We shouldn’t be uncomfortable because these censorship decisions are being made by a few tech leaders, or a few assholes, or a few good people. We should be concerned they’re being made at all!

Here’s the icing on the cake. He concludes…

“It’s unclear to me how we quash or validate dangerous ideas except through vigorous, open debate, but even I have to admit that this hasn’t worked well recently.”

He talks about quashing ideas. But he doesn’t mean quashing ideas, he means, and specifically references quashing free speech. I can regurgitate the old rebukes and tropes… Sunlight is the best disinfectant, or the Streisand effect, or first they came for my neighbor, then they came for me, but I said nothing so blah blah blah.

What does that mean “this hasn’t worked well recently” ? The reason why we have free speech is because while each of us has our own asshole and opinion, none of knows for sure whether we are right or wrong, so we need to keep open the discussion, to keep the ideas flowing. For him to say this, means that he thinks he has it all figured, he has the right answer, and the fact that people are still propagating ideas he disagrees with, means that clearly the current system is faulty. These sheep still have views on issues that I don’t like, clearly we haven’t censored them enough.

The last sentence really ties it all together.

What we all know now is that the case for free speech is weaker now than it has been in 50 years.”

This is verbal hypnotism at it’s best, and if you didn’t catch it, you got hypnotized yourself.

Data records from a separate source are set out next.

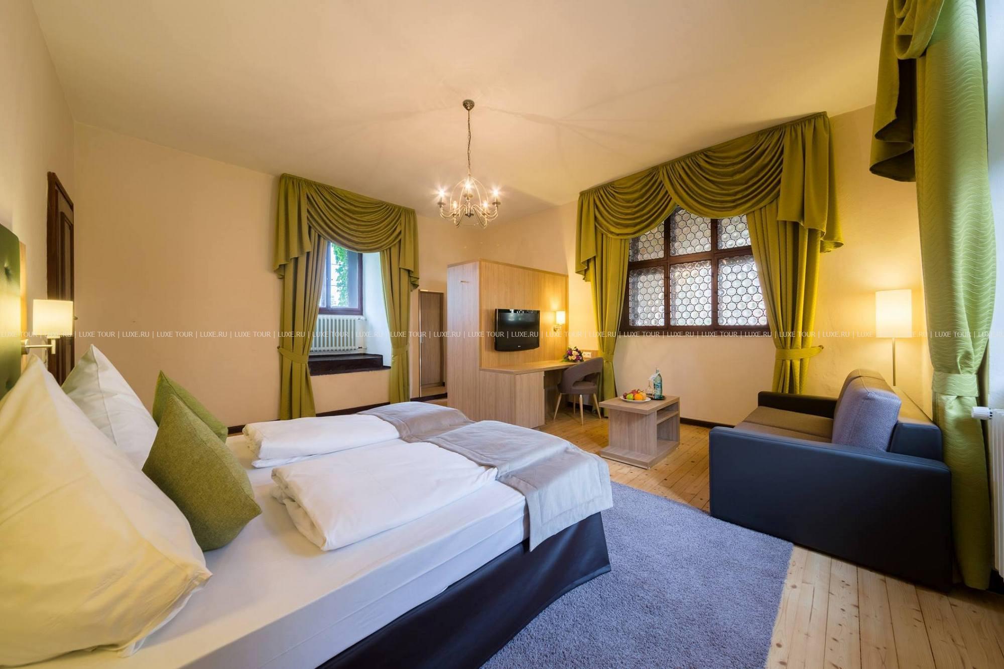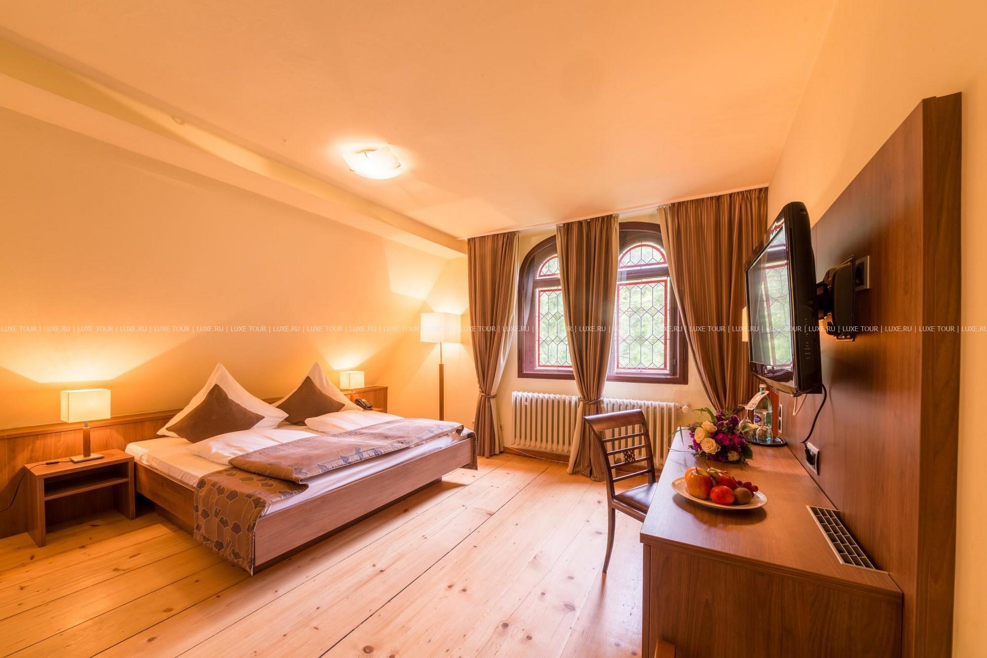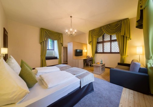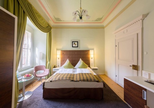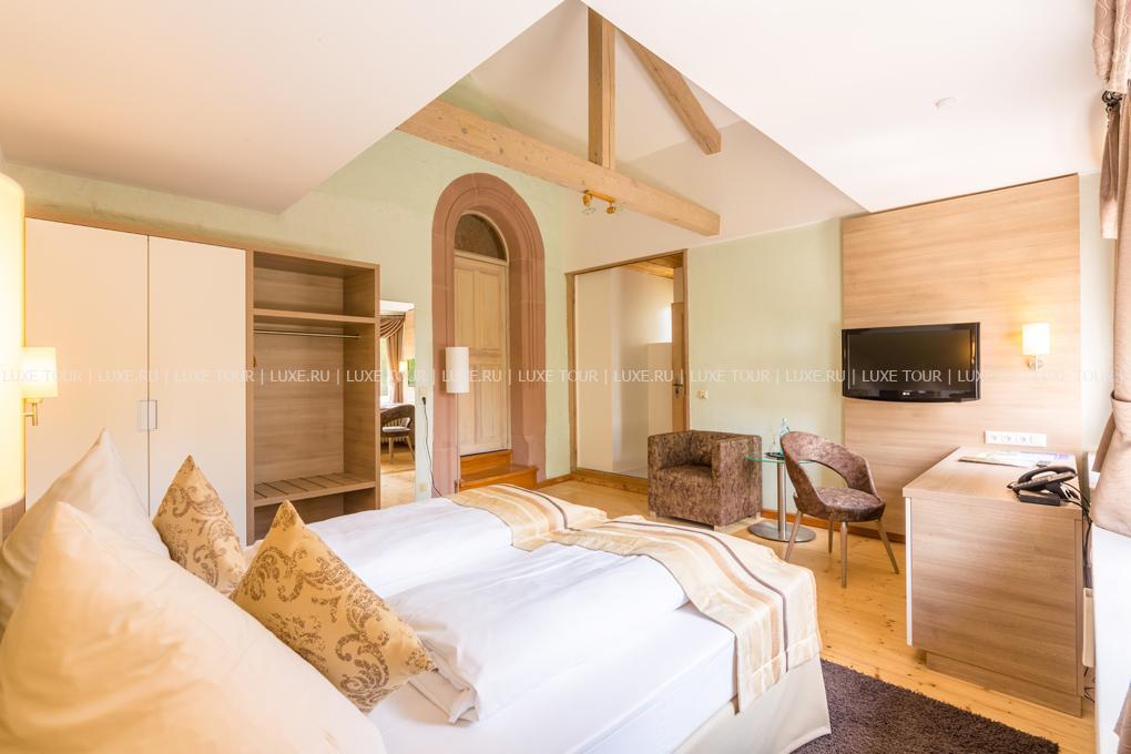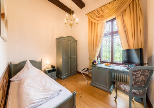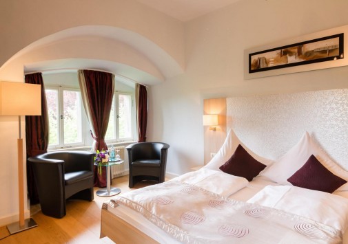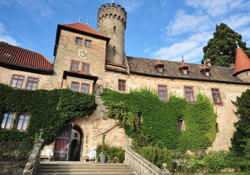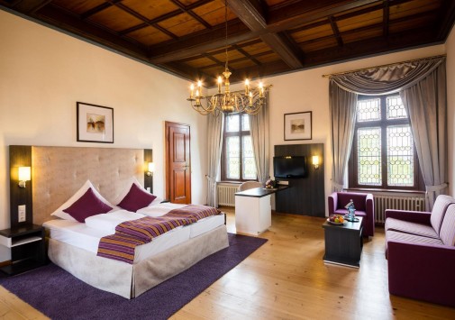 Этот отель располагается в настоящем средневековом замке, впервые упомянутом в исторических источниках еще в начале XIV века в далеком 1306 году. В те времена эти земли, покрытые густыми лесами, принадлежали графине Юте фон Хеннеберг. За многовековую историю замок пережил и полное разрушение в эпоху Крестьянской войны, и смену владельцев, каждый из которых оставлял свой след в архитектуре строения, и религиозные конфликты. А в конце XX века – в 1989-96 годах Schloss Hohenstein был переделан в небольшой уютный отель, окруженный живописным парком в стиле рококо. Здесь на лоне природы, вдали от шумных городов, Вы сможете прикоснуться к старинным монументам, почувствовать очарование ушедших эпох и насладиться полноценным отдыхом. Этот отель также может стать идеальным местом для празднования свадьбы или юбилея в неподражаемой романтической обстановке.
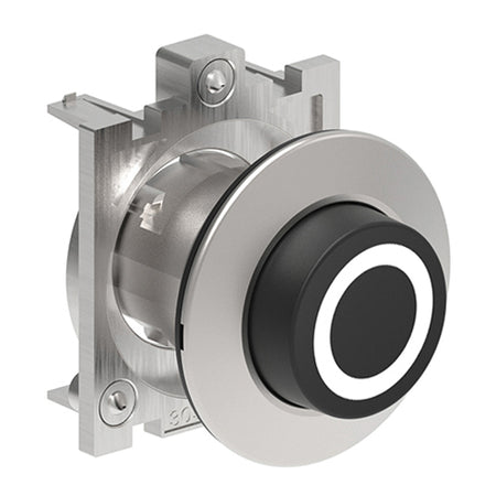 Lovato LPFB2102, Pushbutton Actuator with "O" Symbol, Spring Return, Ø30mm Platinum Series Flat Metal, Extended, Black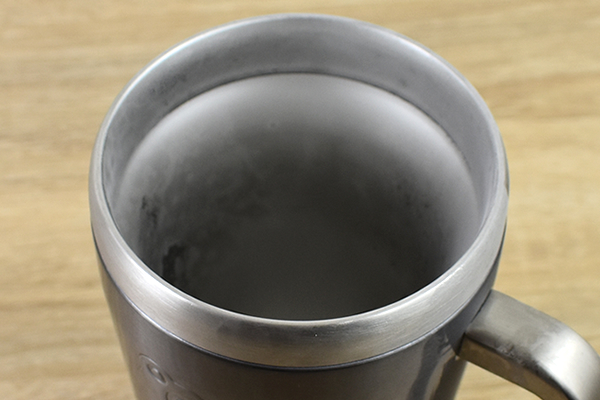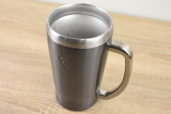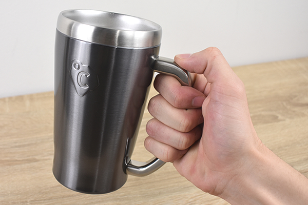 魔法瓶などでよくみられる「真空断熱構造」を採用した同商品。真空層の他に保冷剤が入った層をプラスしてあるため、ジョッキに注いだ飲み物をさらに冷やすことが可能です。ジョッキの容量は420mlとたっぷりサイズ。約592gほどの重さがあり、空の状態でもなかなかの重量を感じました。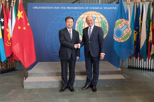 2017年5月18日,工业和信息化部副部长刘利华在荷兰海牙与禁止化学武器组织总干事阿赫迈特·尤祖姆居举行会谈,就履行《禁止化学武器公约》相关问题交换了意见。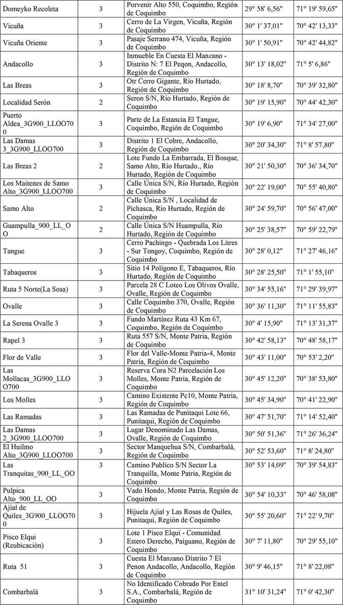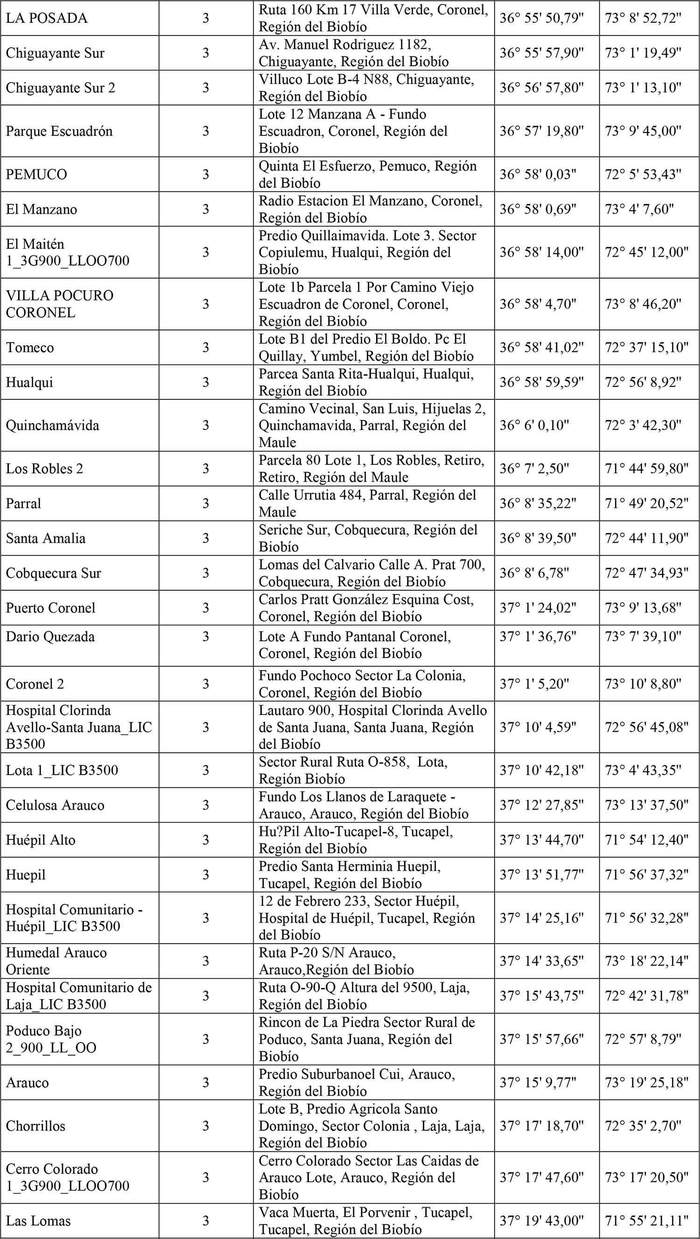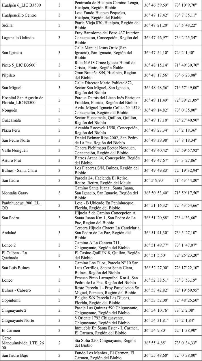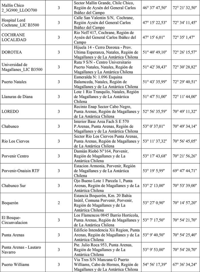 16. Plazo para el inicio del servicio: Para el proyecto de cobertura comunal: 12 meses para las estaciones pertenecientes a la etapa 1; y 24 meses para las estaciones pertenecientes a la etapa 2, todos contados desde la fecha de publicación en el Diario Oficial del decreto que otorga la concesión. Para el proyecto de cobertura complementaria en polígonos georreferenciados: 24 meses, contados desde la fecha de publicación en el Diario Oficial del decreto que otorga la concesión.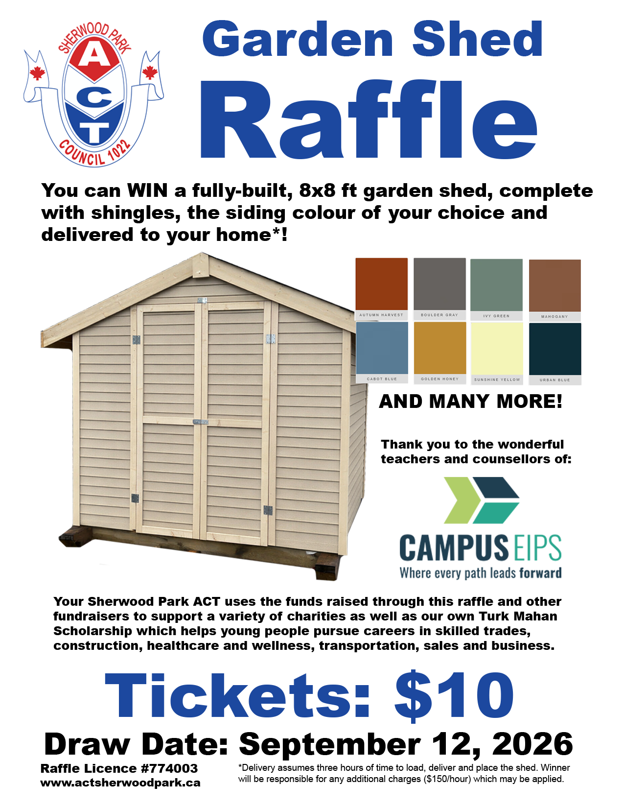 Your Sherwood Park ACT uses the funds raised through this raffle and other fundraisers to support a variety of charities as well as our own Turk Mahan Scholarship which helps young people pursue careers in skilled trades, construction, healthcare and wellness, transportation, sales and business.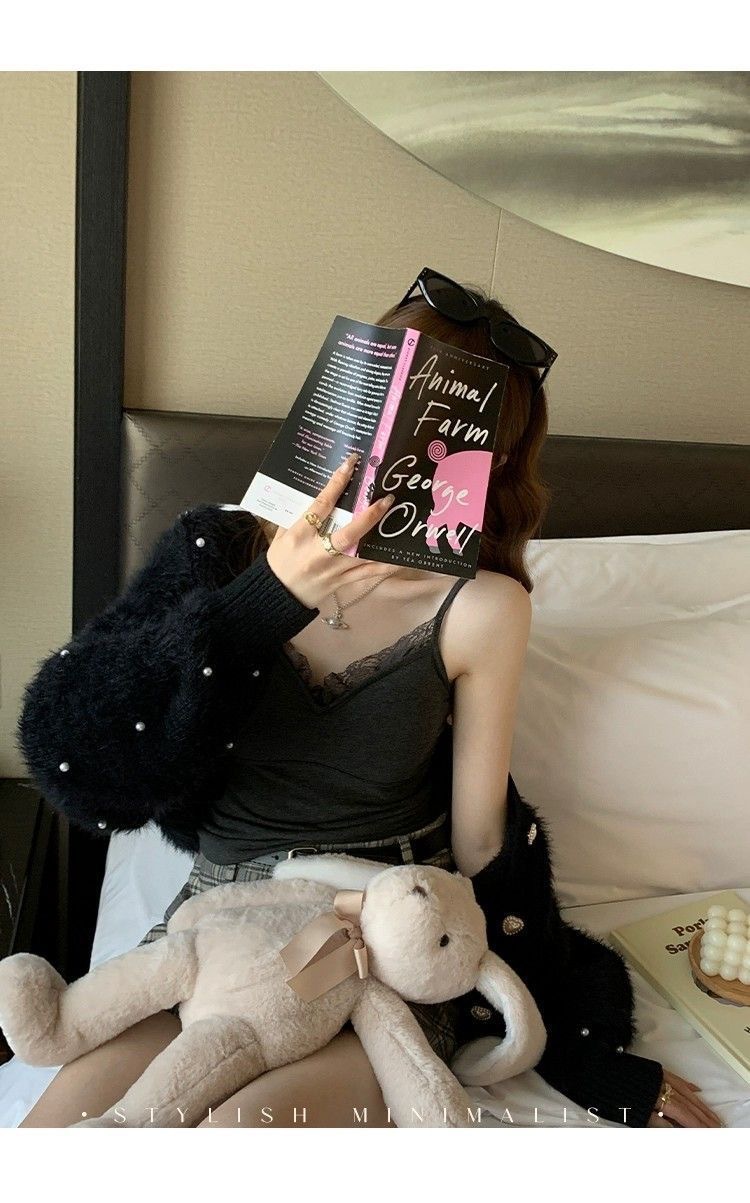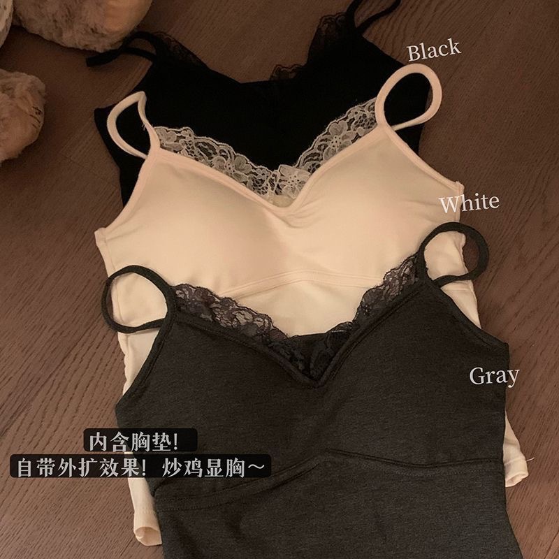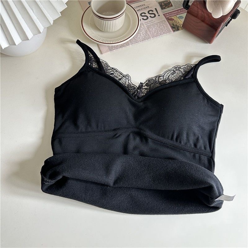 [라이트닝 창고 핫 스타일] 기모 퓨어 러스티 핫걸 레이스 섹시 캐미솔 여성 슬림 브이넥 바닥

What we all know, as if to assume that everyone agrees with what he’s about to say. We all agree, right? We all know, there’s no strong argument for free speech. We all know, this stance is right and the other stance is wrong. We all know the age of consent should be lowered to 11 so we can sodomize elementary school kids. Ya know what I mean? Right? Because I mean, come on, we all know.

No.

We don’t ‘all know’, because we don’t all agree that the case for free speech is weak.

The case for free speech is stronger now than it ever has been because for the first time in U.S. history, a country that historically leads the way in free speech, more people are starting to question it because the type of fuckery freely espoused by people like Mr. Kelman has made people yearn for the harness.

Consider my sabbatical over. I’m posting more often, and louder. I’m starting that damn YouTube channel. I’m getting off the sidelines and onto the field. Free speech is not on defense, it’s on offense, and its got one more person fighting in it’s corner.